顔だけは良い妹が何故かバーチャルアイドルをやっているらしい 作:hikari kawa
突っ伏した床板の冷たさを頬に感じる。
「はい、経口補水液飲んでください。首と腋と、太ももは冷凍したペットボトルで冷やしますからね。あーあ、鼻血まで出しちゃって。お風呂に水張ってますから、落ち着いたら入って下さい」
出かけたはずのアンジェの声がして、身体のあちこちが急に冷えていき……。手渡された妙に美味しく感じる飲み物をごくごくと飲む。

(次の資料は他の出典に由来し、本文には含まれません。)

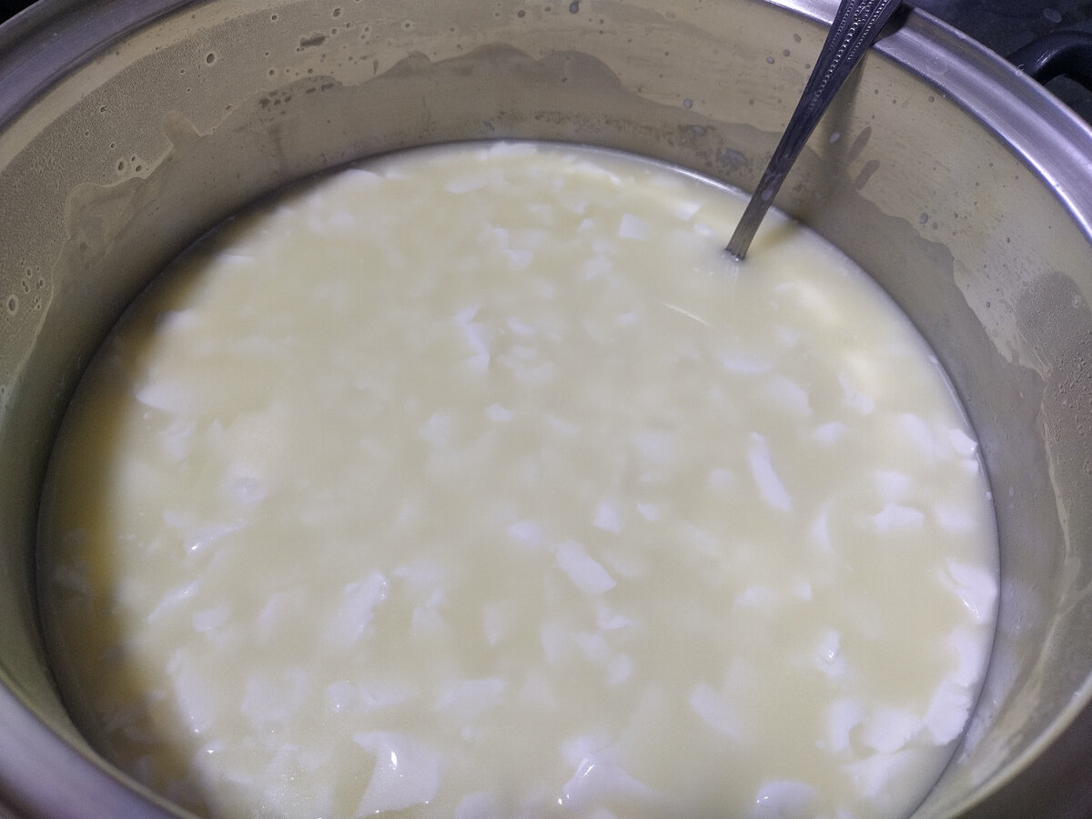 Я взялась варить сыр. Не то, чтобы много молока собралось, сейчас расход-то побольше стал. Просто две банки уже стоят пару дней, и еще половинка осталась со вчерашнего вечернего молока. Чтобы не скисло, хотя бы небольшую головочку нужно сделать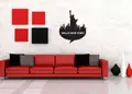 Αυτοκόλλητο τοίχου από βινύλιο που απεικονίζει σιλουέτες από τα κτίρια της Νέας Υόρκης και το άγαλμα της ελευθερίας, με το λεκτικό "HELLO NEW YORK!" μέσα σε bubble διαλόγου.

「今までサボって生きて来たから、やりたいことが出来てもどのくらい頑張ればいいか判断出来ないとみました」
「そう、かも」
「うちで死んだら土葬ですからね。骨壺には入れませんよ?」
「ふ、ふふっ」
「改宗は私の方でやっておきますので。ンニャホトピ教の教義に則って埋葬してあげます」
「……知らない宗教で葬られちゃう」
「それがイヤなら、自分の面倒は自分で見てください。優しいシスターアンジェさんはお陰様で色々と忙しいんですから」
だんだんと意識が浮上してきた。ぼんやりとした景色が徐々に輪郭を得ていく。
学校の夏服を着たアンジェは空になったバケツを持って僕を見下ろしており、呆れた表情を浮かべている。
「なんで、こんな、準備」
「私の授業の十倍集中していたので、どーせ休憩もしないんだろうなと予測しました。私があれこれ言ってたのも聞こえてなかったんでしょ。なんだかイヤな予感がして急いで帰って来たんですからね」
「おかげで助かった。ありがと、命の恩人」
そう言うとアンジェは表情を和らげた。
怠い身体を起こすのに失敗し、身体を横にして経口補水液をあっという間に飲み干す。
「代わりと言うのもなんですが、もし私に何かあったら礼さんが各種手続きよろしくお願いしますね」
「……とりあえず日記帳は、秘密裏に処分するよ」
「よろしくお願いします。それと今のノートパソコンはキリエに借りているのですがサブスクは解約してから返却してください。Tアニメストアとプールーと、あと話題の大将軍見たくて新しく加入したものが」
「……またサブスク加入したの?」
「毎月五百円で無数の映像作品を見れるだなんてお得過ぎるじゃないですか。私、映画館には一生行かないと思います」
このシスター、基本的に真面目で倹約家ではあるものの『見放題』とか『選び放題』とか『詰め放題』みたいなのが好きでその結果『なんだか逆に損してるな……』みたいな事をちょくちょくする。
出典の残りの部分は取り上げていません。